The snickering voice stabbed through my running monologue of bleak options, bringing the world past the tip of my nose back into focus. Like a person roused from anesthesia, I slowly turned my head to the sound.
Walking toward me were a young couple — late teens, early twenties. The boy had his arm wrapped around the girl’s shoulders, his hand resting dangerously close to public indecency. They both wore extra-tight, skinny jeans that made their legs look like twigs, and fluorescent t-shirts that would have been horrible even in the 80’s. Their jackets were normal, but buried beneath scarves layered in clashing color. The boy sneered at me behind vibrant red, thick-rimmed glasses I was sure weren’t prescription, while the girl giggled behind the hand pressed to her mouth.
“You’re trying to be, like, a statue, right? It works better if you paint your entire body, dude,” the boy laughed, gesturing to the fact the grey was only mid-way up my thighs. The girl refused to meet my gaze, looking away as she pretended to contain her mirth.
They were mocking me. Instead of realizing I was in trouble and trying to help, they were outright mocking me!
“Might want to keep practicing,” the boy said. I wanted to punch the condescending smirk off his face. “And pick a better location.” His hand left it’s prime groping position to gesture vaguely toward the river while he looked around dubiously. “Go hit up Dominic down by Pioneer Square. That kid does a mean bronze. Maybe he’d give you some pointers.” He winked at me, like he was imparting some grand particle of wisdom I desperately needed.
I watched in slack-jawed silence as they continued past without stopping, too shocked and numb from the adrenal exhaustion of the past few hours to even manage a sound of indignation.
They weren’t more than two feet beyond me when the boy turned back, calling out, “ ‘A’ for effort though, bro,” and flicked something my way. I watched it glitter as it spun toward me, landing with a dull, metallic ring on the bench next to my hand. I looked stupidly at it, hearing their laughter ridicule me in earnest as they kept walking.
Finally, it registered. I was looking at a coin — a nickel, to be exact. Fury roared to life, fanned by the oxygen of understanding, and my frozen voice finally returned to me. “I’m not a goddamned street performer!” I shrieked at their backs, so mad I would have tackled the insolent little bastard if I hadn’t been stuck on the bench.
The boy waved his free hand in my direction, not even bothering to turn around, and I faintly heard his response drift back to me: “Whatever, dude.” The girl’s shoulders hunched even more as she laughed.

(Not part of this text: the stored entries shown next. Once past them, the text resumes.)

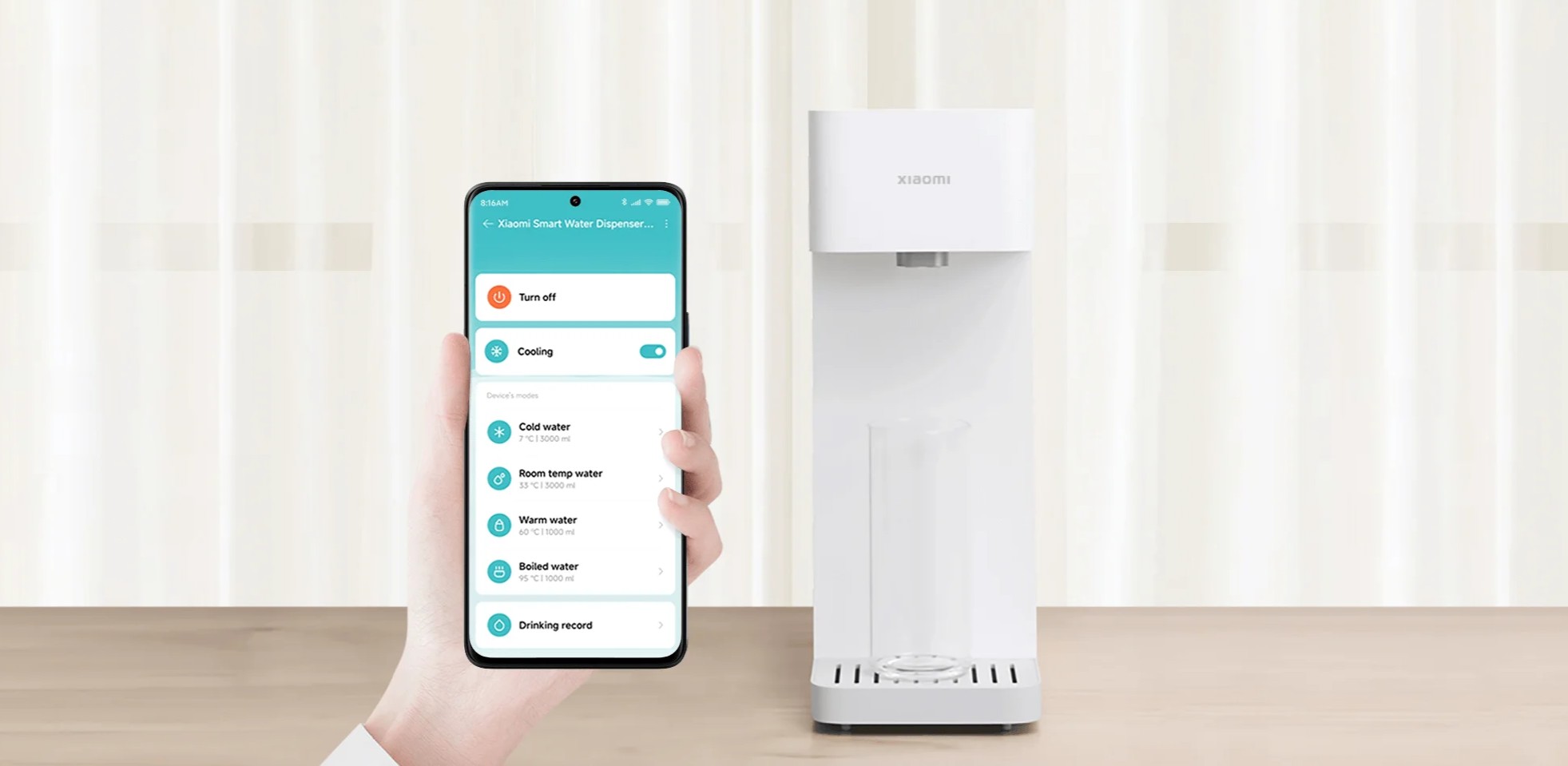 С помощью приложения Mi Home можно регулировать температуру воды дистанционно, вносить данные о выпитом количестве воды, включать и выключать диспенсер.
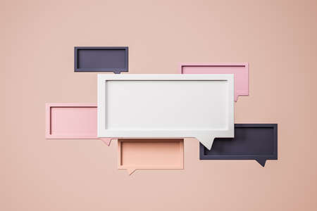 Blank different text message, notification. Pastel speech bubble mockup copy space. Concept of social media and online communication. 3D rendering
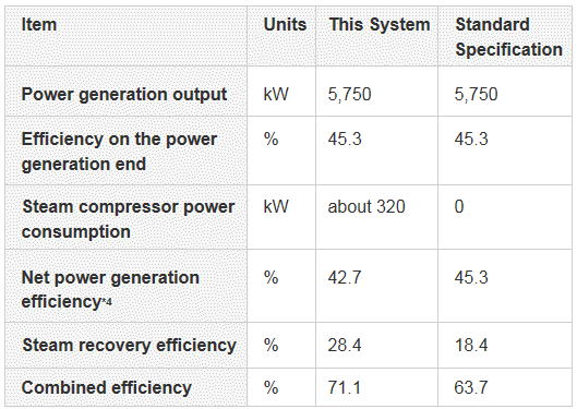 * 2: Calculation conditions: power factor of 0.95, two sets of steam generators that use the heat of hot wastewater and compact screw type steam compressors are installed, feed water temperature of 60°C, recovered steam pressure of 0.78 MPaG, and range of 50 Hz * 3: Value with the power consumption by the steam compressor * 4: The above table lists the reference performance values at the time of the feasibility study Mitsubishi Heavy Industries, Ltd. press release |
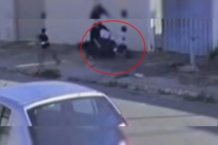 Uma criança de 10 anos esteve muito próxima da morte após ser atropelada por um motociclista que realizava a manobra arriscada conhecida popularmente como “grau”. Todo o incidente foi capturado por câmeras de segurança de uma residência.
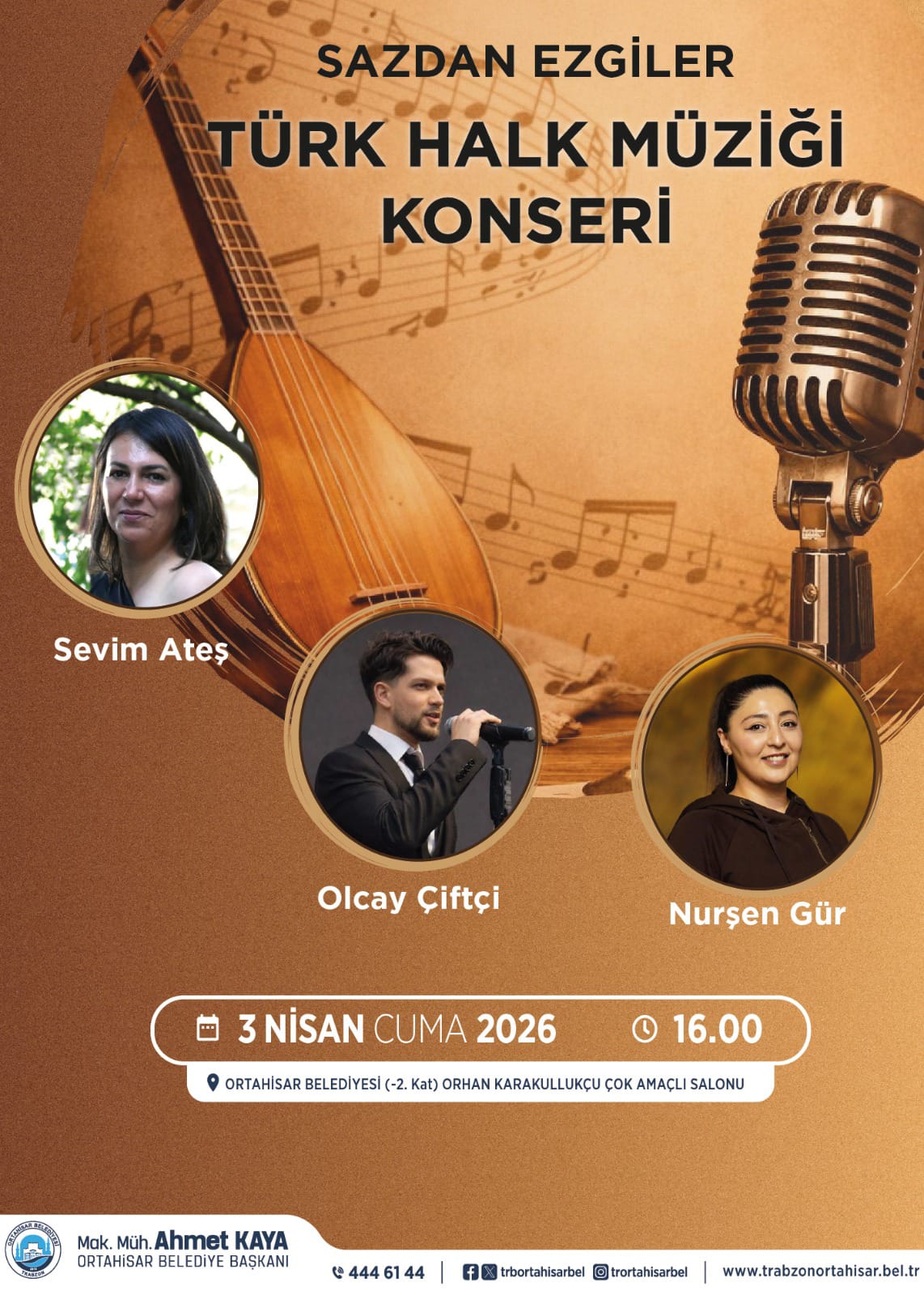 Trabzon haberleri | Ortahisar Belediyesi, kültür ve sanat etkinlikleri kapsamında Türk Halk Müziği tutkunlarını özel bir konserle buluşturmaya hazırlanıyor. “Sazdan Ezgiler” temasıyla gerçekleştirilecek etkinlikte, Anadolu’nun farklı yörelerinden derlenen eserler müzikseverlerle buluşacak.
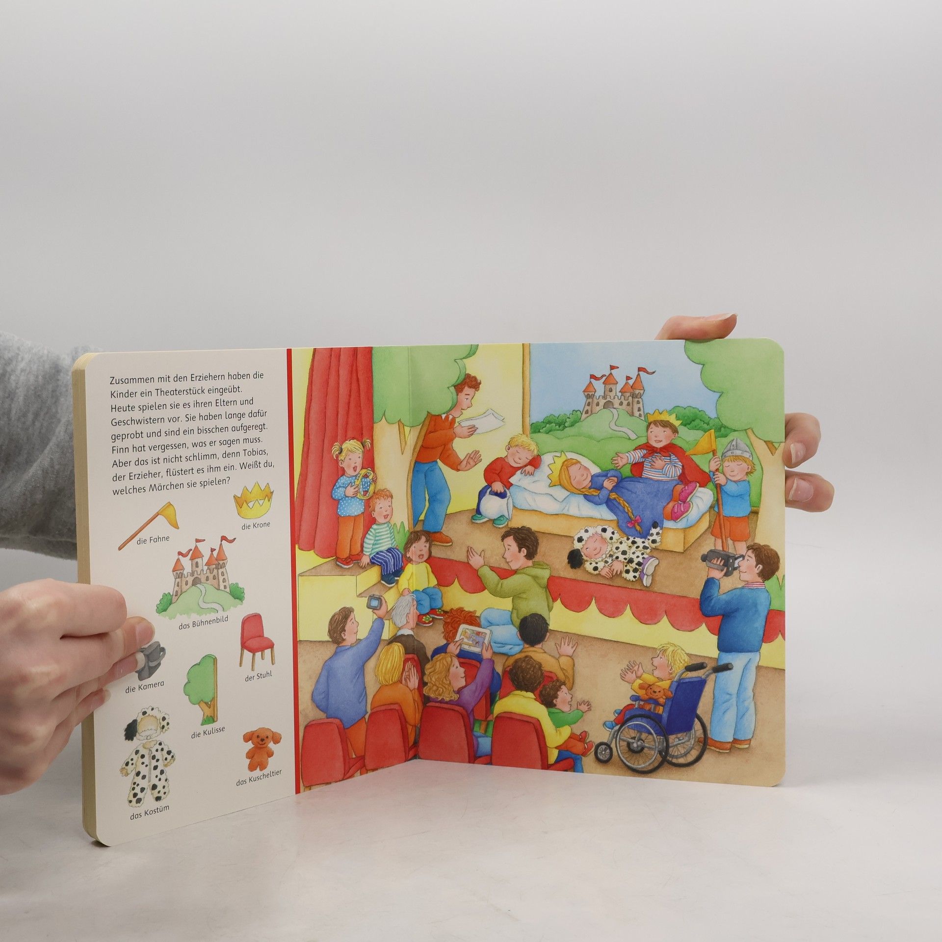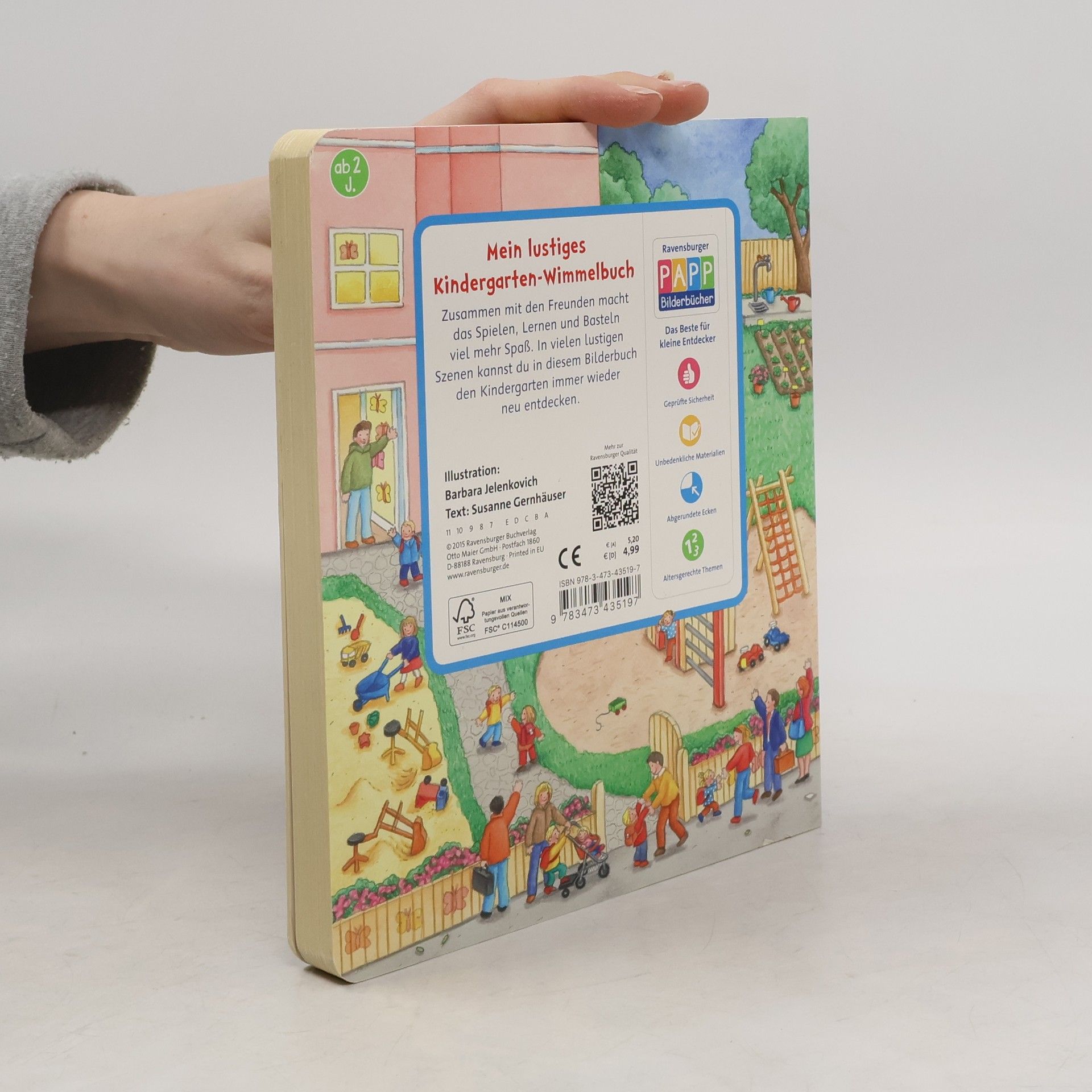 Willkommen im Kindergarten! Auf elf farbenfrohen, realitätsnahen Illustrationen werden alle Fragen zum Thema Kindergarten beantwortet. Ob drinnen oder draußen: hier macht das Spielen mit den kleinen Freunden Spaß. Es gibt eine Kinderküche, einen Waschraum, einen Turnraum und natürlich Spiel- und Kuschelecken. Die kurzen Texte beinhalten auf jeder Seite einen leichten Suchauftrag, der dazu motiviert die kleinen Bilder in den großen Schauseiten zu suchen und zu benennen. Das schult die Konzentrationsfähigkeit und fördert den Spracherwerb. Schon in der Garderobe wird klar: In diesem Kindergarten kommen alle Kinder gerne an. Die kleinen Freunde werden begrüßt und helfen sich gegenseitig. Es geht weiter in die Gemeinschaftsräume zum Spielen, Basteln, Singen und Turnen. Natürlich gibt es auch eine Kuschel- und Vorleseecke. Und der Waschraum hat extra kleine Waschbecken und niedrige Kindertoiletten. Da macht das Händewaschen Spaß! Auf einer weiteren Seite wird Geburtstag gefeiert, zusammen musiziert und auch geturnt. Natürlich gehen die Kinder zusammen nach draußen: Im Garten kann getobt, gebuddelt und geklettert werden. Ein umfangreiches Themenbuch, ideal als Einstiegshilfe in den Kindergartenalltag. Einfache Texte mit kleinen Suchaufträgen regen dazu an, die Bildervignetten auf der rechten Seite im großen Bild zu suchen und wiederzuentdecken.
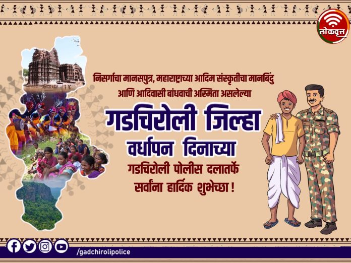 गडचिरोली पोलीस दलातर्फे गडचिरोली जिल्हा वाशी यांना गडचिरोली जिल्हा वर्धापन दिनाच्या हार्दिक शुभेच्छा
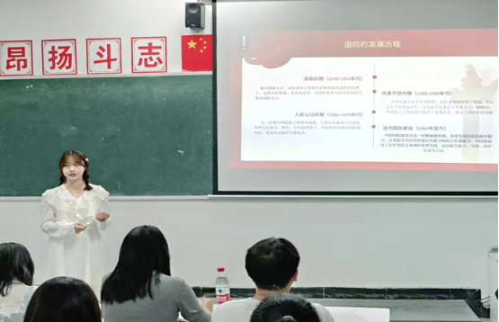 郑靖同学的演讲名称为《居安思危,心系国防》,她表示:青春,是同学们最宝贵的财富。而国家,是同学们生命中最伟大的存在。将这两者相结合,让同学们的青春成为国家建设和国防事业的火炬,成为推动国家进步的力量源泉。
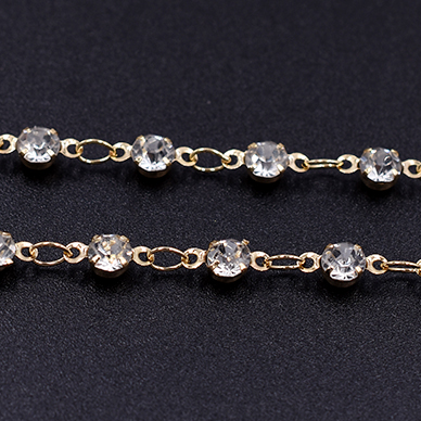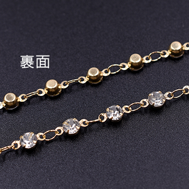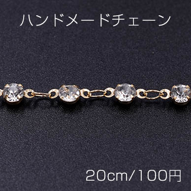 ハンドメードチェーン ラインストーン付き 4mm ゴールド【20cm】
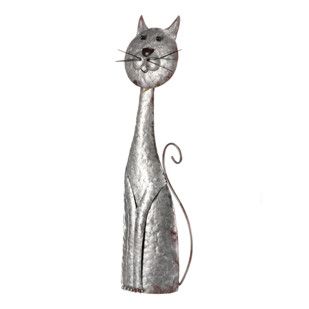 Tato kovová dekorace představuje figurku kočky ve stříbrné barvě, přičemž její povrch evokuje vzhled čerstvě pokované ozdoby. Je ideální pro interiéry a další krytá místa, kde právě na kov nebudou působit povětrnostní vlivy. Toto unikátní a netradiční pojetí dekorace může působit samostatně na dobře viditelném místě, nebo ji můžete začlenit do rozsáhlejších výzdob společně s dalšími figurkami, květinami nebo různými přízdobami. Rozhodně svým netradičním provedením a roztomilým vzhledem zaujme každého pozorovatele a bude jedním z nejvýraznějších bodů v prostoru.
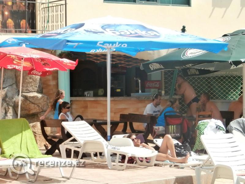 BAZÉN A LEHÁTKA: opět pěkně nafoceno, každý se divil, jak je to malé, voda měla maximálně 23 stupňů, pro děti téměř nic, jedna rozbitá malá skluzavka. Nedostatečná kapacita lehátek a ještě jich byla polovina rozbitá. Ačkoli byla v bazénu světla, nikdy nesvítila.Trávník kolem bazénu a hotelu, už ten signalizoval, že na tomto hotelu není něco v pořádku, když u všech ostatních byl krásný opečovávaný anglický trávník a tady snaha o něco alespoň zeleného.
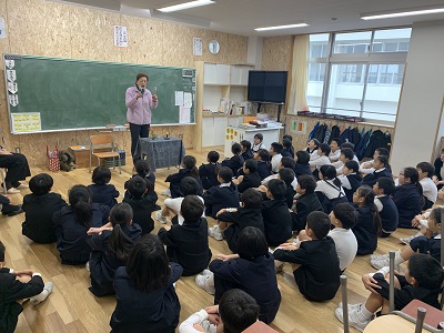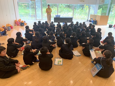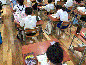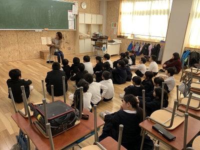 朝の時間に図書ボランティアさんの読み聞かせがありました。
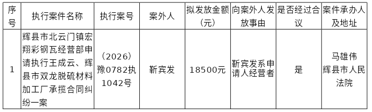 辉县市人民法院关于向案外人靳宾发发放执行案款的公示
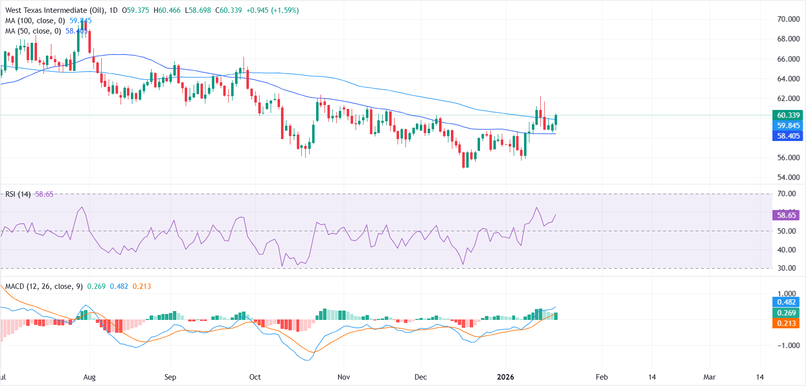 مدد خام غرب تكساس الوسيط (WTI) انتعاشه يوم الثلاثاء، مستفيدًا بشكل طفيف من تجدد المخاوف بشأن الإمدادات بعد انقطاع الإنتاج الذي أثر على تدفقات النفط من حقل تنغيز في كازاخستان. في وقت كتابة هذا التقرير، يتداول خام غرب تكساس الوسيط بالقرب من 60.33 دولار، مرتفعًا بنحو 1.6% خلال اليوم.
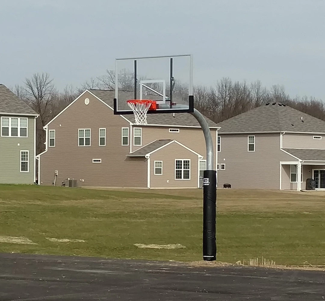 Creating an outdoor basketball court for the most rigorous games starts with the PK6040 heavy-duty gooseneck playground package. This beefy package features a 5-9/16″ O.D. gooseneck post with 6′ safe play area, 42″ x 72″ acrylic backboard, and double breakaway rim.
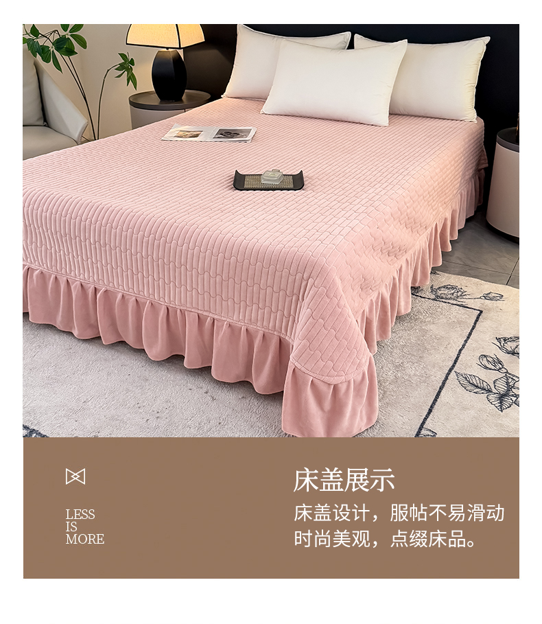 (总)KA家纺 2025新款冬双层蕾丝花边雕花牛奶绒床裙款四件套,郁郁葱葱,紫气东来,粉色回忆
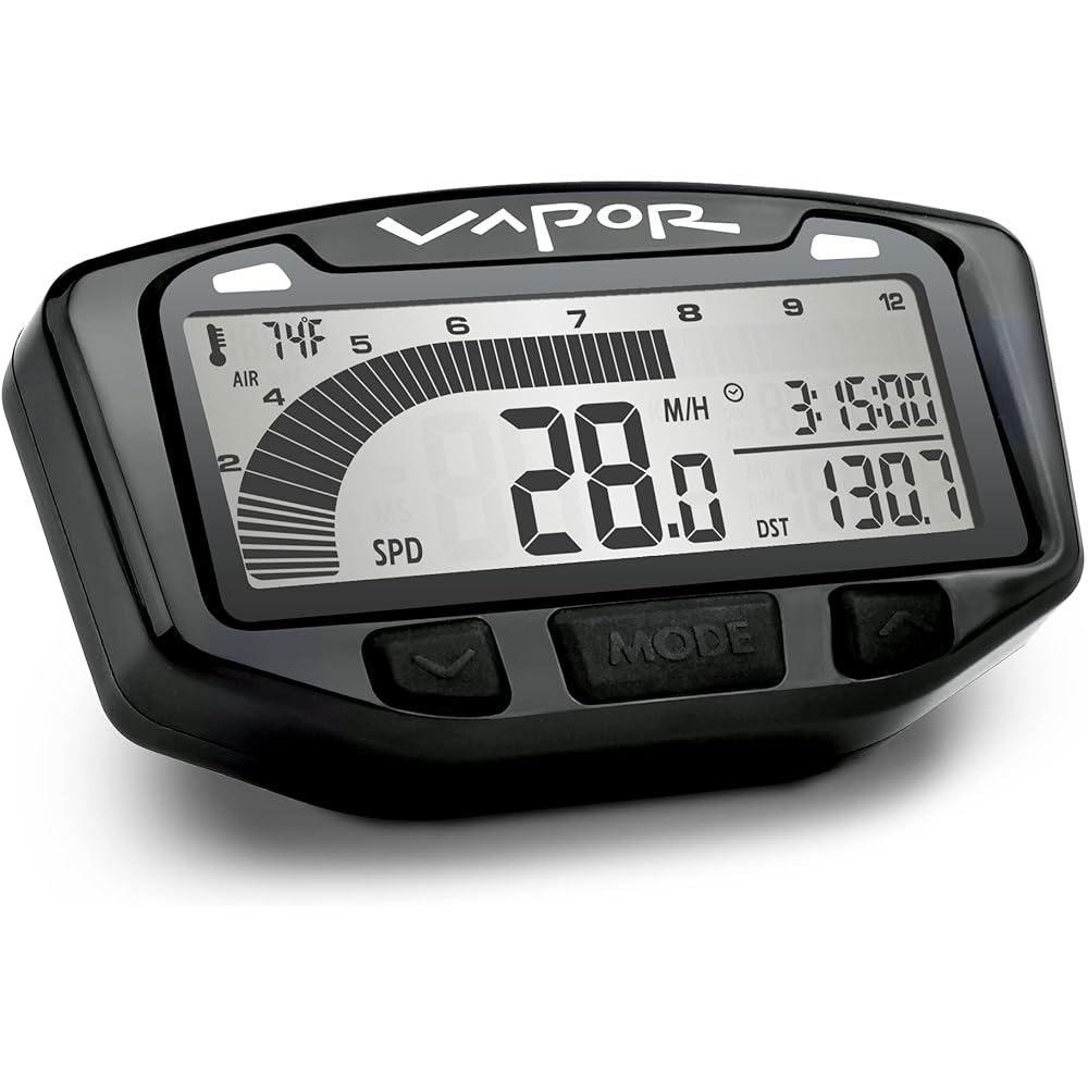 Features a large RPM graph and speed readout. Programmable LED light that flashes when shifting gears or during overheating events. Vapor displays speed, teach, engine temperature, ambient temperature, resettable distance, clock, trip time, and odometer. Customize and fine-tune Vapor to tire size, teach sensitivity, trigger temperature, and teach warning lights. Vapor operates on regulated AC or 12V DC electrical systems. That means it works with almost everything. Use the built-in stopwatch for race training or the resettable mileage to endure the course.

And all I could do was glare after them, anger boiling over like a pot left too long on the stove.
Fury and indignation melded with horror and despair; a giant, mushrooming cloud of emotion that threatened to wipe away the rest of my sanity. Looking for some sort of release, I grabbed the nickel and hurled it into the muddy-brown water of the river. It made an unsatisfying dent, absorbed so quickly that it didn’t even splash.
Without thinking, my fingers curled around the cell phone resting uselessly at my side, gripping the delicate touch-screen so firmly I felt it crack beneath the pressure. The broken phone quickly followed the nickel’s path, arcing in slow motion toward the water–the cracked screen flashing intermittent white like an S.O.S. message no one understood. It, too, was swallowed soundlessly into the water, joining the other inanimate victims of my rage. But it wasn’t enough.
So I screamed — a wordless roar of anguish, betrayal, and shame.
I screamed until my throat gave out and the turmoil I felt was expended. I must have sounded like I was being stabbed to death but I didn’t even bother to look for reactions. I already knew. No one would come check on me. They’d all pretend like I didn’t exist. I was just a loud nuisance imposing on their happy little moments, something to be tuned out as easily as road construction noise on a summer day.